Наконец Ландварово. Господи! отпусти французское жестокосердие, устроившее эту станцию. Ни угла теплого, ни мебели, ни места присесть, словом, ничего. Двери с разбитыми стеклами или вовсе еще без стекол; пронзительный холодный ветер свищет по зале, мужчины кричат, женщины суетятся, ищут оттертых толпою детей, дети плачут, не находя матерей. Все недовольно, все торопятся, боясь опоздать, и никто не находит удовлетворения ни одному из самых умеренных и самых справедливых требований пассажира. Я теперь понимаю озлобление русской публики против администрации обворожительных сотрудников рыцаря Бларамберга; искренно желаю ему получить насморк и усаживаюсь на моем саквояже на платформе, потому что в залу нельзя пролезть.

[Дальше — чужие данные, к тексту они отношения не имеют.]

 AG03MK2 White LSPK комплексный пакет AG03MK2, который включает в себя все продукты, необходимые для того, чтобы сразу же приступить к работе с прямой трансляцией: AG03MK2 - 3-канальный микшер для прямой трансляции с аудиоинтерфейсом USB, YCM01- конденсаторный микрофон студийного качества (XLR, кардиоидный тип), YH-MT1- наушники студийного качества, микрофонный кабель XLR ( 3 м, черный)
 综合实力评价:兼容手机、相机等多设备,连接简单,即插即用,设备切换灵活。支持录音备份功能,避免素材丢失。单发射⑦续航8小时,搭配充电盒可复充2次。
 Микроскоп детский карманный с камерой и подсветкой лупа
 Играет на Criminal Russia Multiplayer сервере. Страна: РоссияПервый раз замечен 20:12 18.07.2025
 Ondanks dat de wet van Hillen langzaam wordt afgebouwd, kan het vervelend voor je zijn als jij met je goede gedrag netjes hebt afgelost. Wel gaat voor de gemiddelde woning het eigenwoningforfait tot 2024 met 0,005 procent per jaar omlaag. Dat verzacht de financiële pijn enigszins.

На ландваровской платформе мне приходит на память один недавно скончавшийся даровитый русский публицист, либерал и радикал. Он, говоря притчами, сказал раз, что неблагоразумно, едучи из Москвы в Петербург, брать билет до промежуточных станций. Нетерпеливцам это очень понравилось, и они не раз замечали постепеновцам, что они портят дело, предъявляя требования на билеты до промежуточных станций. Французский рыцарь г. Бларамберг дает возможность отвечать на вопрос покойного радикала. Не возьмете у него билета из Вильна до Ландварова, не попасть нам и в Варшаву, стоящую в конце пути. Вот зачем люди сообразительные и берут билеты до промежуточной станции, когда нельзя получить их на целый путь, и упрекать их, кажется, не в чем.
Дойдя до такого заключения, я чихнул. Это с одной стороны значит, что мои заключения справедливы, а с другой, что я получил насморк, который по всей справедливости должен был бы идти г. Бларамбергу с товарищи.

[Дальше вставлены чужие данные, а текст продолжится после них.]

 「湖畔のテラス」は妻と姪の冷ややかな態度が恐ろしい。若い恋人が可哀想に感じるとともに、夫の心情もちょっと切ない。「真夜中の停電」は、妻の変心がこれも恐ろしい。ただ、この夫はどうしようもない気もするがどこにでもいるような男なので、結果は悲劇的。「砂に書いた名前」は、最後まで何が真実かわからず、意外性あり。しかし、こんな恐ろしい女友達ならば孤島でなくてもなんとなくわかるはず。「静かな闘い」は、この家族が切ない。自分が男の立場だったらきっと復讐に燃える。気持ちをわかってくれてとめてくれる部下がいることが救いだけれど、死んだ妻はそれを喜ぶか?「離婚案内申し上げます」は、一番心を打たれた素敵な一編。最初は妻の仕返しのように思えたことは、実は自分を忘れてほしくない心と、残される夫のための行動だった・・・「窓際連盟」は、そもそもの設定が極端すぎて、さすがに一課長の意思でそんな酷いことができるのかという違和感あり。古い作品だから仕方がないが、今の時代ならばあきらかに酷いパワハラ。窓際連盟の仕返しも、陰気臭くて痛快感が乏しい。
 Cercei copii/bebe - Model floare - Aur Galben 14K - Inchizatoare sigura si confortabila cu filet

Забыл сказать, что в виленском амбаркадере я видел несколько экземпляров бларамберговской креатуры в самом печальном настроении. Бедняжки жалуются на сокращение штатов и на покушение удалить тех из них, которые не понимают ни по-русски, ни по-польски. Какая несправедливость! И эти русские и литвины не позаботятся изучить французский язык, чтобы спасти остатки полчищ, приведенных в Россию рыцарем Бларамбергом! Истинное варварство!.. А пора поспустить этих господ с рук, и очень пора: скверно распоряжаться мы и сами умеем, и берем за это гораздо дешевле.
После суеты и торопливых хлопот о билетах и багаже нас усадили в вагоны и объяснили, что поезд пойдет еще через час. Ну, вот и прекрасно. В купе, занятом мною и двумя моими сопутниками, садится некая персона, состоящая на службе по железной дороге, и гвардейский офицер, следующий с командою в Варшаву. По поводу шляхты мы с К—м заговорили о взглядах Риля на умственный пролетариат. Разговор идет по-польски. Офицер, услыхав несколько раз упомянутое имя Риля, спрашивает меня по-русски: “А что, его родные были тогда в Варшаве?”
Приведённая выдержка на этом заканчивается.